De andere vistuigen (staande kuilnetten, sleepnetten) vissen redelijk selectief als er voldoende gebruik gemaakt wordt van kennis over het gedrag van spiering (waar en onder welke omstandigheden het te vangen is, etc). Staande kuilnetten die dicht bij de geulrand waren geplaatst vingen veel andere vis (vooral bliek). Kuilen die tegelijkertijd op bijna dezelfde locatie, maar verder naar het midden van de geul stonden vingen bijna uitsluitend spiering.
Regulering
Spiering is opgenomen in de Visserijwet (1963), maar er geldt geen minimummaat. Voor de kust- en zeevisserij op spiering zijn geen specifieke regels, behoudens de algemene bepalingen ten aanzien van maaswijdtes en vismethoden (Uitvoeringsregeling Visserij).
De binnenvisserij op spiering valt onder de bepalingen in het Reglement voor de binnenvisserij 1985. Er kan door de Minister echter jaarlijks een vrijstelling worden verleend (art 65) voor:
- Vissen met de grote fuik en de schietfuik binnenvisserij ten behoeve van de vangst van spiering gedurende een periode die de Minister daartoe jaarlijks kan vaststellen, welke periode maximaal drie weken duurt en een aanvang neemt na 1 maart.
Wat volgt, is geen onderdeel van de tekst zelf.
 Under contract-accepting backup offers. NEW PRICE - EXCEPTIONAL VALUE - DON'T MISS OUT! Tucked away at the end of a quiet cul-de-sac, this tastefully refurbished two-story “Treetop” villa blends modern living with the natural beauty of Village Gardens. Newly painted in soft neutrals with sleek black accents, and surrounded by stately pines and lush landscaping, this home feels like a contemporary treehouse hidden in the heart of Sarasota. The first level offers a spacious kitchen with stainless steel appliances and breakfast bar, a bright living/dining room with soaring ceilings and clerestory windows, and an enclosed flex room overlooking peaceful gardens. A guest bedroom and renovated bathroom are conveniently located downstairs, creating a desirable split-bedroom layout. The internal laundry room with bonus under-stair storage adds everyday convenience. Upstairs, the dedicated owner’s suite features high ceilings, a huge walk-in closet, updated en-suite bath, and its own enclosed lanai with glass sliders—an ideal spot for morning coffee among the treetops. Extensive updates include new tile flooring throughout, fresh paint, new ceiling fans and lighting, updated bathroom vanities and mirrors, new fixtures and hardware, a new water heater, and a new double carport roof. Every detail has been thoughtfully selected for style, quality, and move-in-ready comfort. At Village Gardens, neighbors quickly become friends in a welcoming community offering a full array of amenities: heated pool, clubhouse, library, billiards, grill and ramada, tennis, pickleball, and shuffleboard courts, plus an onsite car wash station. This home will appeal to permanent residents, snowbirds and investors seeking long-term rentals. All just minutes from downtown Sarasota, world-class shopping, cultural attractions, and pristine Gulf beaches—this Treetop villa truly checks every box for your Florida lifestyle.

- Van 1 januari tot en met 30 april toestemming om te vissen met de grote fuik mits in het achterste deel van de fuik een netwerk, bestaande uit tenminste 80 mazen met een maaswijdte van tenminste 40 mm is aangebracht achter de laatste inkeling zodanig dat deze mazen in de te water staande fuik vierkant van vorm zijn en vis via deze mazen uit de fuik kan ontsnappen.
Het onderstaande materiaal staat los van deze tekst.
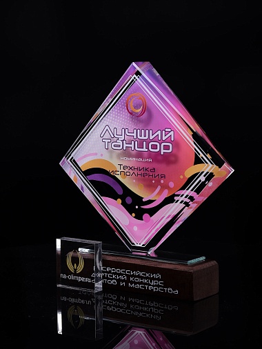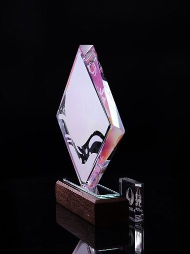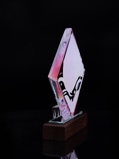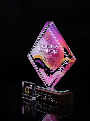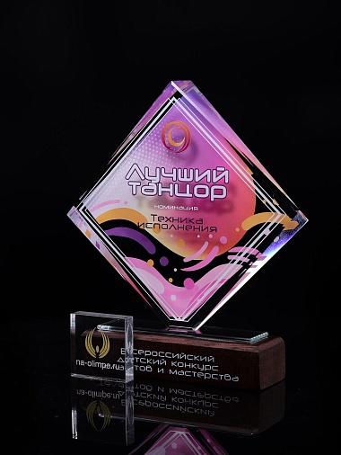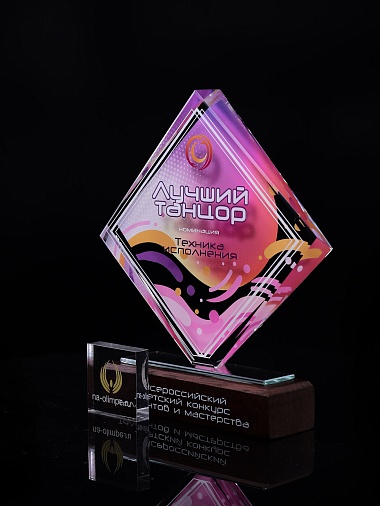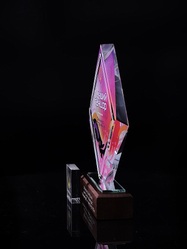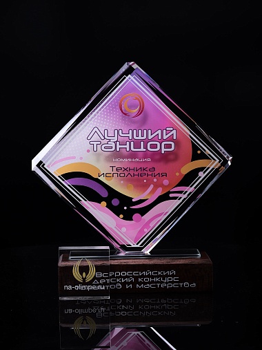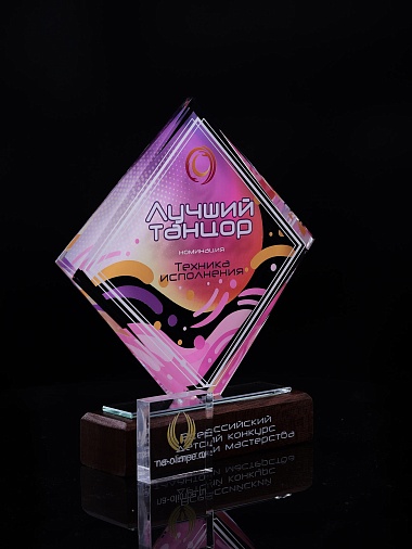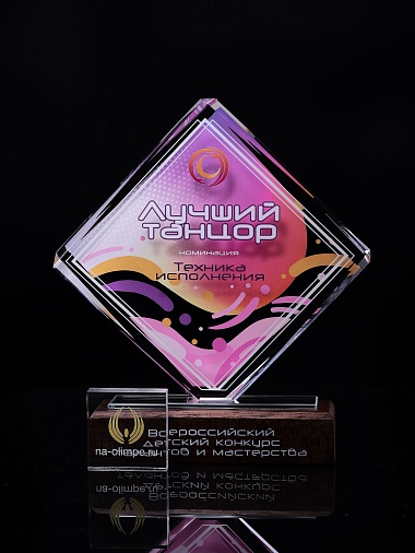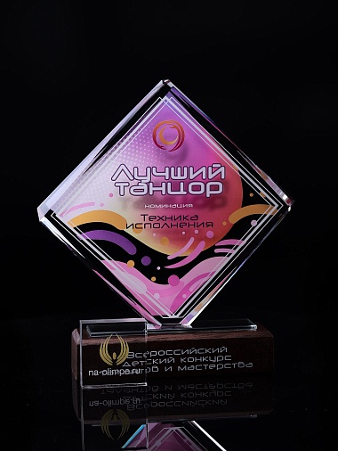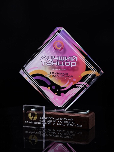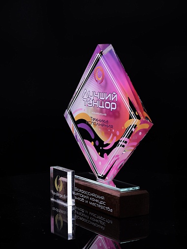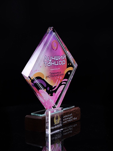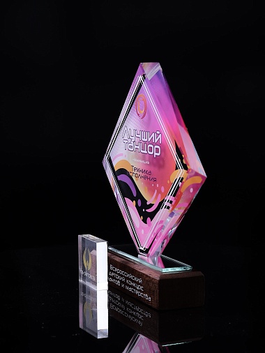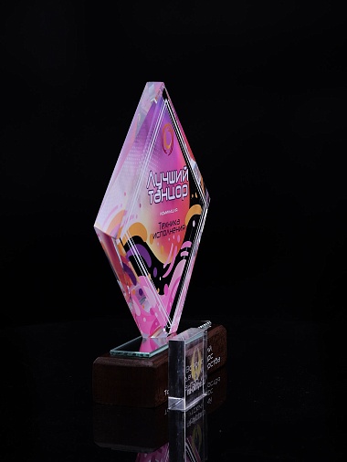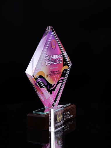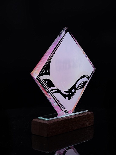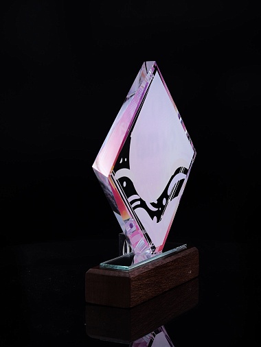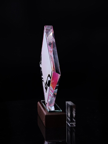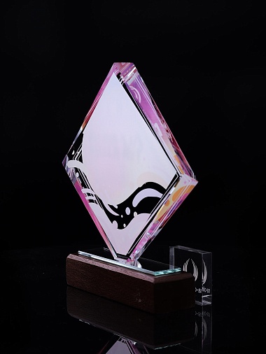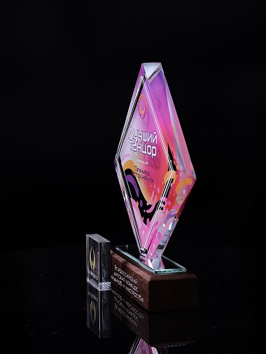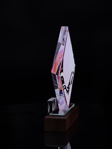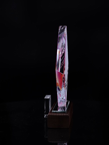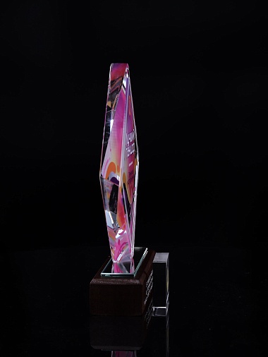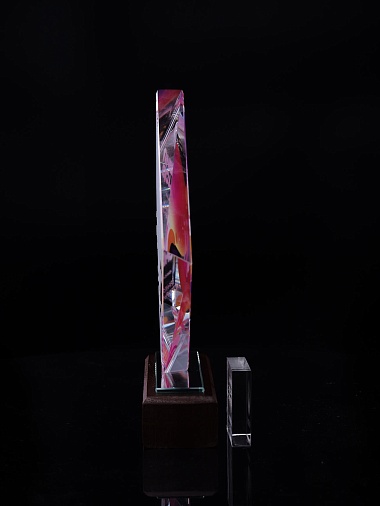 Стеклянная награда HRW213 с цветным нанесением, высота 18.5 см

IMARES heeft een advies uitgewerkt over de toepassing van het voorzorgprincipe in de spieringvisserij IJsselmeer/Markermeer (De Leeuw, 2007). Rondom de spieringvisserij in het IJsselmeer ontstond in 2012 veel discussie en werden procedures uitgevochten tot aan de Raad van State. De spiering in het IJsselmeer is voedsel voor (broedende) vogels, zoals visdieven op het eilandje De Kreupel. De spieringvisserij in IJsselmeer en Markermeer is (en blijft ook na vaststelling van het Beheerplan) vergunning plichtig onder de NB-wet.